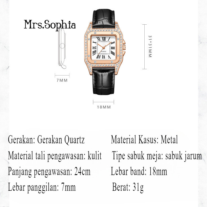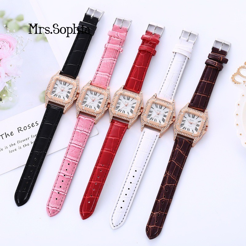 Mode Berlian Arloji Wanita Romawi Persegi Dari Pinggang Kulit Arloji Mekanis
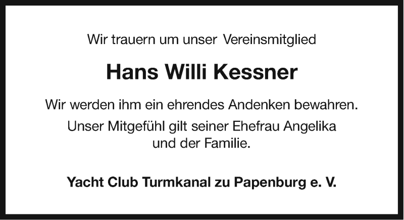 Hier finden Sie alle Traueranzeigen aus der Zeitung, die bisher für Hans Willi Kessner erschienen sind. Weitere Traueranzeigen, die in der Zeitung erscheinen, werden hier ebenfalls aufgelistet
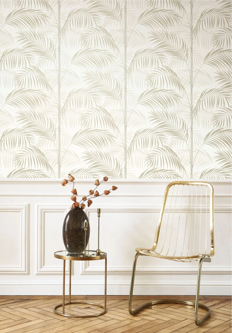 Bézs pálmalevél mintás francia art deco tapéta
────
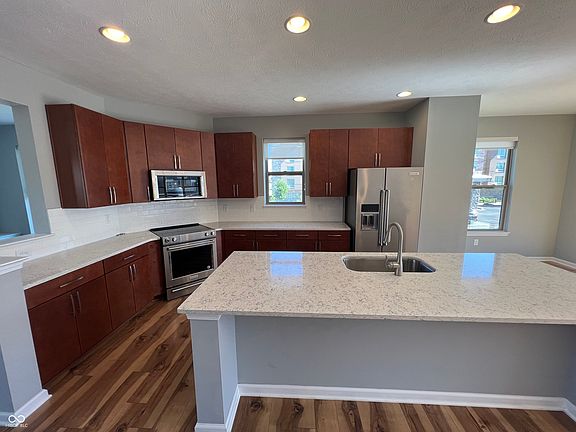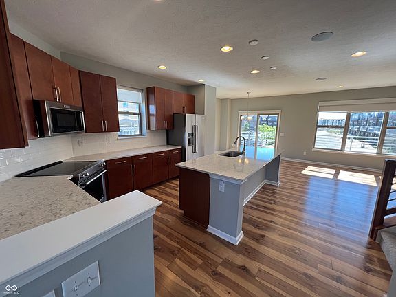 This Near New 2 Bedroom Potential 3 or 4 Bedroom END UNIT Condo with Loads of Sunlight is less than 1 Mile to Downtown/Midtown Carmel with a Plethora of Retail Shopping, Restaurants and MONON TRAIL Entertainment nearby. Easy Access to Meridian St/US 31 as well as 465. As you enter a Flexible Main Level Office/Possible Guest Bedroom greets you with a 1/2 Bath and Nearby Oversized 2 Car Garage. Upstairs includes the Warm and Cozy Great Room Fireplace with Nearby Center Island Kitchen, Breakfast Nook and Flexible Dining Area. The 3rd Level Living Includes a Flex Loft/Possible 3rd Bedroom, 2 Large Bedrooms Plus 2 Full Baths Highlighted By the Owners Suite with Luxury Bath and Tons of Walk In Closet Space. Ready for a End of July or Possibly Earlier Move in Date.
────
Out of the records above, set down only the lines from the one that contains "Hier finden Sie" through the one that contains "Bézs pálmalevél mintás", unchanged and without the pictures.

**THE COMPLETED TASK**:
 Hier finden Sie alle Traueranzeigen aus der Zeitung, die bisher für Hans Willi Kessner erschienen sind. Weitere Traueranzeigen, die in der Zeitung erscheinen, werden hier ebenfalls aufgelistet
 Bézs pálmalevél mintás francia art deco tapéta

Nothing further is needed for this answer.